Von allein werden die Reeder kaum auf die teureren Antriebe wechseln. Was
fehlt, sind verbindliche, globale Regeln, die sie dazu zwingen. Das könnte die
IMO übernehmen. Doch die Vereinigung bremst die Entwicklung eher.

Die IMO werde in erster Linie von sogenannten Flaggenstaaten


wie Panama oder den Bahamas dominiert, kritisiert Sönke Diesener,
Schifffahrtsexperte der Umweltorganisation Nabu. Solche Länder
verhinderten, dass die Organisation eine ambitionierte Klimastrategie
verfolge. »Einige Staaten vertreten bei der IMO eher die Interessen
internationaler Reedereien als die Interessen der eigenen Bevölkerung.«

Die martime Industrie müsste zudem enorme Investitionen stemmen. Die


Branche spricht von Billionen, die nötig wären, um die Flotten auf
klimaneutral zu trimmen und eine Treibstoffinfrastruktur zu schaffen. Das
Henne-Ei-Dilemma: Die Schiffseigner investieren nicht, solange es keine
entsprechend ausgestatteten Hafenanlagen gibt. Und die Häfen investieren
nicht, solange es keine Schiffe mit Alternativantrieb gibt.

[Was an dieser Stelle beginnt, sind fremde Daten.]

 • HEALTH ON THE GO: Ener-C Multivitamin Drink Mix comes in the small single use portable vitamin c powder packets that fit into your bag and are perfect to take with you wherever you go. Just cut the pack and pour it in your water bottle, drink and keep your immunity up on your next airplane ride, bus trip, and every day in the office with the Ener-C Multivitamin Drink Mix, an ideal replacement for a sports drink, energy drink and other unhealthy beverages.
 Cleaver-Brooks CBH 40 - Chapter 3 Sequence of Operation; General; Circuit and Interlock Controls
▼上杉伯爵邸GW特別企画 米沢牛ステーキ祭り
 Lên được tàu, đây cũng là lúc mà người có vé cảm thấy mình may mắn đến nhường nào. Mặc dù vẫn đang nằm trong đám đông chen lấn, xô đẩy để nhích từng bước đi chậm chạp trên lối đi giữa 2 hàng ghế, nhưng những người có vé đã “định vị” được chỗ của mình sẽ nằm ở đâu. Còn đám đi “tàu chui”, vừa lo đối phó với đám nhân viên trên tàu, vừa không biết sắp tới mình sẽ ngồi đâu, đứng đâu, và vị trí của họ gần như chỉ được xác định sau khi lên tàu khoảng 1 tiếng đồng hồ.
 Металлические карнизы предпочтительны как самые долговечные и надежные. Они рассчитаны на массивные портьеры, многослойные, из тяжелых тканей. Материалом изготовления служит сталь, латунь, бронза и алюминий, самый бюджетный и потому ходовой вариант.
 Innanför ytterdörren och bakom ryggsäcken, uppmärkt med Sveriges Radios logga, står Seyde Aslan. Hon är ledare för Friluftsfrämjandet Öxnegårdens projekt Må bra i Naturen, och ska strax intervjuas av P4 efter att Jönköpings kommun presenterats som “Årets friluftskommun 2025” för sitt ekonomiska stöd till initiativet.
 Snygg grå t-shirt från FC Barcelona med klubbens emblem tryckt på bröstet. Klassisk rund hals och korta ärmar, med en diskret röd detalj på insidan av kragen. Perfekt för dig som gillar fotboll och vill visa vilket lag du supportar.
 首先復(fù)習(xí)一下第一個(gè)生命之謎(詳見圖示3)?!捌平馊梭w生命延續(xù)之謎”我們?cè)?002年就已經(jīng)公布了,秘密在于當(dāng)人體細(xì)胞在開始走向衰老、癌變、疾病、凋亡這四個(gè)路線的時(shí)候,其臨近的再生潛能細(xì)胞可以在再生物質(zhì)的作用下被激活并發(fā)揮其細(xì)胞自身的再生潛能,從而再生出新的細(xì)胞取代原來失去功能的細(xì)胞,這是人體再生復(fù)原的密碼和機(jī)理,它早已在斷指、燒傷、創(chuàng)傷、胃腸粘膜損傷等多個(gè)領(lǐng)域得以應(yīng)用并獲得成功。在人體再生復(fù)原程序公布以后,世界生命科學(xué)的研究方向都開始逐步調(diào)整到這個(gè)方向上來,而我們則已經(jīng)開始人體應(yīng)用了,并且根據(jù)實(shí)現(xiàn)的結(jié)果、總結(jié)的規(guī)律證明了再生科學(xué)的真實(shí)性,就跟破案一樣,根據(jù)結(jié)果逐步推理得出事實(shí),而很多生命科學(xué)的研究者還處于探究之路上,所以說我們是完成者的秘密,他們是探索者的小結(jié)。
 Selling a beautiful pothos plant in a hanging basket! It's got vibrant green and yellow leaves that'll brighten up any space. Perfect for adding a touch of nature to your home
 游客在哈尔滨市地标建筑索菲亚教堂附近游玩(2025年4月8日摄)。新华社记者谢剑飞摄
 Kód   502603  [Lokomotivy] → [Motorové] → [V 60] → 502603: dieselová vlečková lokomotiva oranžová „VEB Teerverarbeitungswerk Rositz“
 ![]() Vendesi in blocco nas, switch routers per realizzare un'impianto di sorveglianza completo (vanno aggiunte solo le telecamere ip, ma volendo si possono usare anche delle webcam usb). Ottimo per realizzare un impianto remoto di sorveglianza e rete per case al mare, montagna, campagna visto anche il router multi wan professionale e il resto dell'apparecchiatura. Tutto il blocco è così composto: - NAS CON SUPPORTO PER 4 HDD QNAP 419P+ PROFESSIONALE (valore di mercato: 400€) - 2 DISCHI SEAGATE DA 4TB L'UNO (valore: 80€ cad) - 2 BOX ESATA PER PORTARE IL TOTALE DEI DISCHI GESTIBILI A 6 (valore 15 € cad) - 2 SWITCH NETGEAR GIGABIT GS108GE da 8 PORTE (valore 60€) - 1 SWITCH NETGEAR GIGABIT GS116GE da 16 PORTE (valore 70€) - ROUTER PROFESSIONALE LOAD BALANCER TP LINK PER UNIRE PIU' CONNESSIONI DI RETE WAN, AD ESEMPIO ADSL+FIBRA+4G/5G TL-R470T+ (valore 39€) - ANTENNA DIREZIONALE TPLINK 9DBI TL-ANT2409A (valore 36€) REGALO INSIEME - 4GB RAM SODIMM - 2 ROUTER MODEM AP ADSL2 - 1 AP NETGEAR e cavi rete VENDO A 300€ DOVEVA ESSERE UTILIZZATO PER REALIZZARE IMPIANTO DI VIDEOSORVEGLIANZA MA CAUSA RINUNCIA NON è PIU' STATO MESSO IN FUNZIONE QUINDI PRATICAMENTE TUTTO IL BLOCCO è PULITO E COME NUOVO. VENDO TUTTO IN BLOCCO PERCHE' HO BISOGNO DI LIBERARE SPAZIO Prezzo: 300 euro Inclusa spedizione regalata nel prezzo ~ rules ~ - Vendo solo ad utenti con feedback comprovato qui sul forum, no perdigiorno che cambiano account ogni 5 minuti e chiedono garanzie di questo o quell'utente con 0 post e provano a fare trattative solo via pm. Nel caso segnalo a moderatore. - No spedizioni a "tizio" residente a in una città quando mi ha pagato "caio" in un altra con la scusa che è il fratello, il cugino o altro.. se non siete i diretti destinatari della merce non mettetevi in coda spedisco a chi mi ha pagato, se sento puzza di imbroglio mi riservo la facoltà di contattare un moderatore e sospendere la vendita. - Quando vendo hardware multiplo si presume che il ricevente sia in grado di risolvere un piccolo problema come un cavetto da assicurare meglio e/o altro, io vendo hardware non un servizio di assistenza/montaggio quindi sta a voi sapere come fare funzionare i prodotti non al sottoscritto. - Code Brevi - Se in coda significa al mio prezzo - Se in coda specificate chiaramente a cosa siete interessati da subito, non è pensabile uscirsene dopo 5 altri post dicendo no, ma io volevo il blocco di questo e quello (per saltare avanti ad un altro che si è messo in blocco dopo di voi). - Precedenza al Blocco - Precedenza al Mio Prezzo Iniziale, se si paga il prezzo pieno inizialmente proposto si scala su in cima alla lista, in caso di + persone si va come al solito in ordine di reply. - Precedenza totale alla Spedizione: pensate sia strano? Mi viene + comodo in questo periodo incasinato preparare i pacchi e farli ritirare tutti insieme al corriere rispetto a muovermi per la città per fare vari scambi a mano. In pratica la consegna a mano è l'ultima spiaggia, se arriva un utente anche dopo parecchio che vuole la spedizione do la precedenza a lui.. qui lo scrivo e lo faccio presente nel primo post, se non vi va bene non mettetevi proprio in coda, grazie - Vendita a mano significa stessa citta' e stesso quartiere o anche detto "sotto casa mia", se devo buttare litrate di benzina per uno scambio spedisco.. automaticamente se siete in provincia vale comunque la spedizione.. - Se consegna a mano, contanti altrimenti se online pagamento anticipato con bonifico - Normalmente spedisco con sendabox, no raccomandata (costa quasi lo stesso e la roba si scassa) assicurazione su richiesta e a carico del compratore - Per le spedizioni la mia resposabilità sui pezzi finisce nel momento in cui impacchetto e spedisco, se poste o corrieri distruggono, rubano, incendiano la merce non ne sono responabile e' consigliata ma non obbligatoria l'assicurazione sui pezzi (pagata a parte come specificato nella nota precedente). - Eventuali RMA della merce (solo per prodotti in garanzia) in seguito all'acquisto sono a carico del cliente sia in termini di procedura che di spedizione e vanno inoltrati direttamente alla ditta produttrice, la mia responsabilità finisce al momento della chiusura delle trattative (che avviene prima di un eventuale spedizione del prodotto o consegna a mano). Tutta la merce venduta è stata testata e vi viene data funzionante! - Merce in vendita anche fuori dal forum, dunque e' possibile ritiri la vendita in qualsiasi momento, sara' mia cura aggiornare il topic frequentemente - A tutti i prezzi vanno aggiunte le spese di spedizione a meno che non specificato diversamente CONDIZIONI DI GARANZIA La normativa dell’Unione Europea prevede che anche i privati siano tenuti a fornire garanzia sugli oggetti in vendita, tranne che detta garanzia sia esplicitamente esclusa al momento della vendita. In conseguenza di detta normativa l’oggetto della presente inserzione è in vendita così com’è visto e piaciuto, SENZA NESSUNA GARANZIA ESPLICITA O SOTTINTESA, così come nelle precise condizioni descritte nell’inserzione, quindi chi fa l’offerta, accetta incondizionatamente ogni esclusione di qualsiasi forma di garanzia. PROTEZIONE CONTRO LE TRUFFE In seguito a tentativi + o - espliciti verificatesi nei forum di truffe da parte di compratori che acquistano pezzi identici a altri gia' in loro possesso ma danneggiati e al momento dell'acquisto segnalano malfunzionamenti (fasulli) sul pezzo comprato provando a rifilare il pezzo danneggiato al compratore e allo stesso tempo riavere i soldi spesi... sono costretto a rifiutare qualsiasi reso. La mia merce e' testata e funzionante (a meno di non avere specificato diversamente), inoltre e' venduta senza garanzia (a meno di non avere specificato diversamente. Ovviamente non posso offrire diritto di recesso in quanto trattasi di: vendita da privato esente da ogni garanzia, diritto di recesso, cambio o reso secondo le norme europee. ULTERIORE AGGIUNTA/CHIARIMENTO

In dieser unklaren Situation agiert auch die Branche unentschieden und hält
sich technologisch alle Optionen offen. Sie entwickelt Motoren, die in der
Lage sind, verschiedene Treibstoffe beizumischen (»Drop-in Fuels«) oder die
sich mit unterschiedlichen Kraftstoffen betreiben lassen (»Dual Fuel«), mit
LNG etwa und zugleich mit Ammoniak. »Wir gestalten die Motoren so
flexibel wie möglich«, sagt MAN-Energy-Solutions-Forschungschef Stiesch.
Alle neu bestellten Maersk-Schiffe werden laut Konzern für zweifachen
Betrieb ausgelegt.

Auch das Pionierschiff, das die griechische Reederei in China bestellt hat,
soll nicht nur mit Ammoniak laufen. Der Tanker wird »Ammonia-ready«
sein, also darauf vorbereitet, auf klimaschonenden Betrieb zu wechseln. Bis
dies möglich ist, werden aber einige Jahre vergehen. So lange wird das Schiff
noch tonnenweise konventionellen Treibstoff verbrennen.